Items match based on text descriptions in a dataset

a.jain · January 7, 2020, 2:43pm

I have a long list of item descriptions. Some of these descriptions are duplicates but the text is not exactly matching. For example: descriptions are like "The Brawn White Bolt Laser 10W" and "Laser for 10 Watt White Bolt". Though these are the same items but having different descriptions. There are many items as such in the list. My objective is to find out such common items based on their descriptions.

I have a thought to find the nouns in each description field and match them across each other. Segregate those item descriptions that matches with most common nouns. Just wondering if it is making any sense? Is there any algorithm for that in R? Is there any other way to do this kind of matching?

woodward · January 7, 2020, 10:49pm

You need to provide more information. If there are only a few different descriptions you can standardise them manually. Or maybe you can use simple string manipulation to standardise them. If you have an item code (e.g. stock control unit SKU) you can use that. In the worst case it is a difficult language processing problem.

Please provide a sample of your data using dput.

andresrcs · January 8, 2020, 3:07am

You could try fuzzy matches using tidystringdist see this related thread

a.jain · January 8, 2020, 10:24am

Thanks woodward for your reply..There are 36451 item descriptions.
Please see the sample data using dput()

dput(head(data,20))

structure(list(Item # = c("22300406", "2G10089L12", "2G10156",
"2G10198", "2G10201L12", "2G10244L12", "2G10278", "2G10303",
"2G10306", "2G10307", "2G10308", "2G10316", "2G10327", "2G10341L12",
"2G10458", "2G10483", "2G1055", "2G10557", "2G10610", "2G10694"
), Description = c("SGM-02B312PY MOTOR", "VE-001572 TURNBUCKLE, KNUCKLE JOINT",
"ROBOT, HYD BASIN", "SGM-02B312PY-X1 MOTOR", "HOSE/GUN MODULE 1028328A",
"Laser for 10 Watt White Bolt", "BUSHING, 4429K425, REDUCER 1-1/2" MALE NPT TO 3/4"",
"HOSE/GUN MODULE 1028328A", "VN007052, CYLINDER RETURN BRACKET",
"G020900, HYDRATION PS2 EOAT", "BUSHING, 4429K425, REDUCER 1-1/4" MALE NPT TO 3/4"",
"VN007052 C, CYLINDER RETURN BRACKET", "1028328A HOSE/GUN MODULE",
"VE-001572 TURNBUCKLE, KNUCKLE JOINT", "MY1H20-200 CYLINDER",
"INTERFACE 8 PORT BLOCK", "The Brawn White Bolt Laser 10W", "MY1H20-200-10 CYLINDER",
"SGM-02B312PY-X2 MOTOR", "BLOCK, INTERFACE 8 PORT, C04T8N-00-PB-050M"
)), row.names = c(NA, -20L), class = c("tbl_df", "tbl", "data.frame"
))

Thanks...

a.jain · January 8, 2020, 11:35am

Thanks andresrcs for connecting me to the related thread. I tried fuzzy matches using tidystringdist but the line of code,

match <- tidy_comb_all(data$Description)

ran for around 20 minutes and thereafter I got an error as "Error: cannot allocate vector of size 7.6 Gb"
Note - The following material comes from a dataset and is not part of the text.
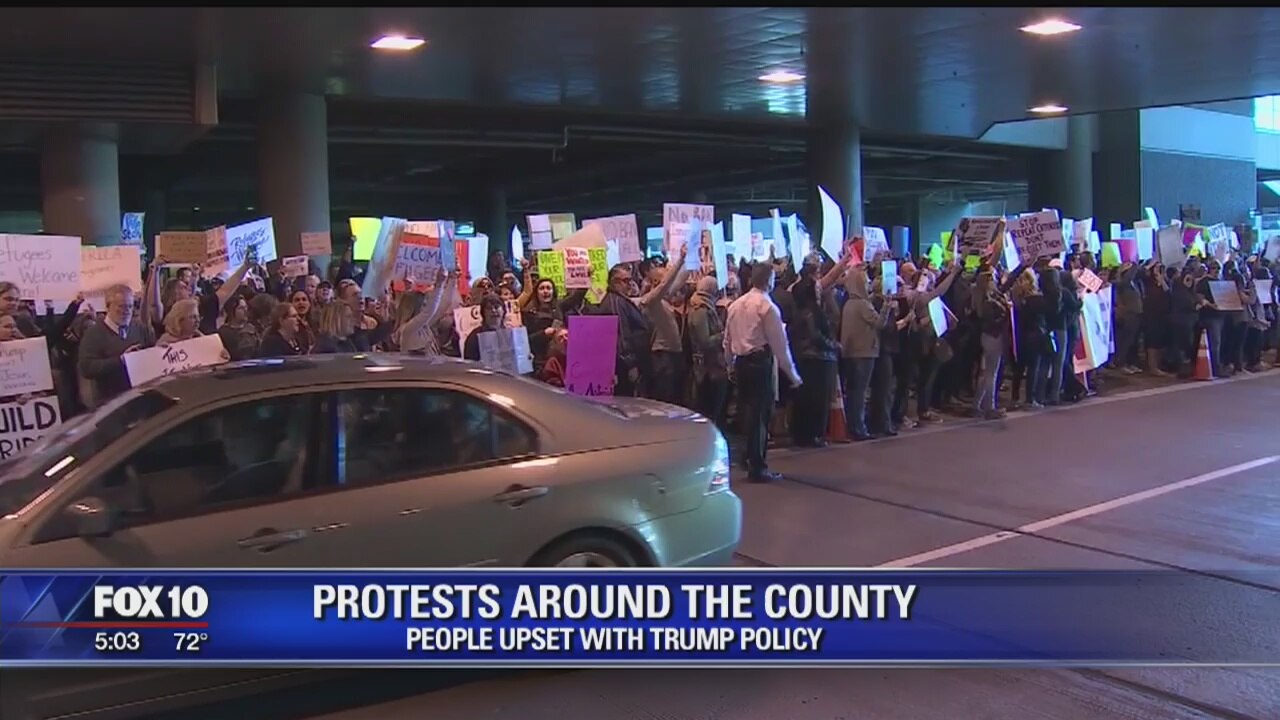 Hundreds of demonstrators came out to Sky Harbor International Airport to protest President Trump's ban on refugees. Fox 10's Marcy Jones reports.
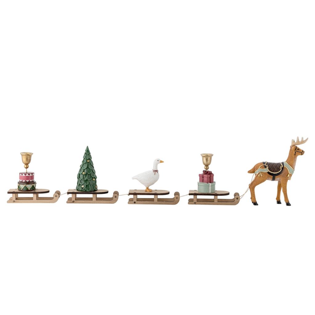 Dasher Deko fra Bloomingville er en charmerende julepynt, der viser en slæde fyldt med et juletræ, en gås og et rensdyr. Slæden er udstyret med to lysestager i en elegant guldfinish, som skaber en varm og hyggelig stemning – helt perfekt til juletiden. Figurerne er lavet af polyresin og omhyggeligt håndmalet, hvilket giver hver dekoration sit helt eget unikke udtryk

The code works fine for small data set but as I am having 36451 item descriptions, it is not executing. Is there any workaround on this? Thanks...

woodward · January 8, 2020, 3:49pm

This is going to be tough for an algorithm, Even as a human I don't know whether some of these items are the same or different. Item names can be different by a single character, and are actually different items.
e.g.
"BUSHING, 4429K425, REDUCER 1-1/2" MALE NPT TO 3/4"" = "BUSHING, 4429K425, REDUCER 1-1/4" MALE NPT TO 3/4"?
"SGM-02B312PY MOTOR" = "SGM-02B312PY-X1 MOTOR"? = "SGM-02B312PY-X2 MOTOR??

Are the Item # unique? Can't you just use that?

Your structure() is misformed, maybe because of the " symbols.

system · January 29, 2020, 3:49pm

This topic was automatically closed 21 days after the last reply. New replies are no longer allowed.